On October 13, 1965, The Who recorded My Generation at London’s IBC Studios and post-war youth found its voice.
Pete Townshend is fond of recalling that he was born just a week or so after the Nazis’ surrender in May 1945. This means that, unlike The Beatles’ John Lennon – born during the Liverpool blitz – or The Rolling Stones’ Keith Richards – who claims debris from a Doodlebug landed in his cot – the guitarist has no trace memory of World War II. It’s an important nuance: his breed of ’60s teenager, the Mods, were the first true post-war generation. Their parents would never understand their lives (sex, pills, pop music, affluence); and they would never understand their parents’ (duty, sacrifice, death, trauma). And The Who’s third single would be the first pop record to fully articulate that gulf between old and new. Townshend wrote My Generation on a train journey sometime in the early summer of ’65 with, he says, Mose Allison's Young Man’s Blues playing in his head. For all its eventual violence, the song’s other inspiration was faintly comical: Townshend’s car, a black Packard hearse, had been towed away from its Mayfair parking spot on the orders of the Queen Mother, whom it had apparently offended. Riled, the guitarist sought revenge.
The early Townshend home demo of the song above shows most of its key compositional elements in place, but the powerful recording eventually nailed at IBC studios on October 13, 1965, underlines the transformative power of The Who as a group.

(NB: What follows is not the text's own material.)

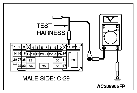 1. Disconnect intermediate connector C-29, and measure the voltage at the male side (at front wiring harness side).

They summon a cyclone of anger, frustration and arrogance made of Townshend’s frantic downstrokes, Entwistle’s ludicrously flashy bass solo and Moon’s furious drumming, ending with what sounds like the destruction of his kit. Then there were the lyrics. My Generation’s blunt language was shockingly alien to pop: not only did a cocksure Daltrey command everyone to f-f-fade away (ie fuck off), but in the startling “I hope I die before I get old…” he looks forward to an early death, presumably to escape the fate of becoming a boring Establishment fart – an even more extraordinary statement in light of the still-fresh human sacrifice of WWII. Meanwhile, the worst those bad boy Stones could muster in autumn 1965 was, “Hey, you, get off of my cloud.”
My Generation anthemised the new attitude of youth – and there’s the rub. A hit parade smash, it became The Who’s insignia, which, by the time of 1970’s Live At Leeds recording, when Townshend was 30, was already beginning to sit uncomfortably. Punk before punk, it helped empower a generation, and made possible many exciting things to come. However, perhaps its greatest achievement was to convince The Who that being ’orrible would be no impediment to success.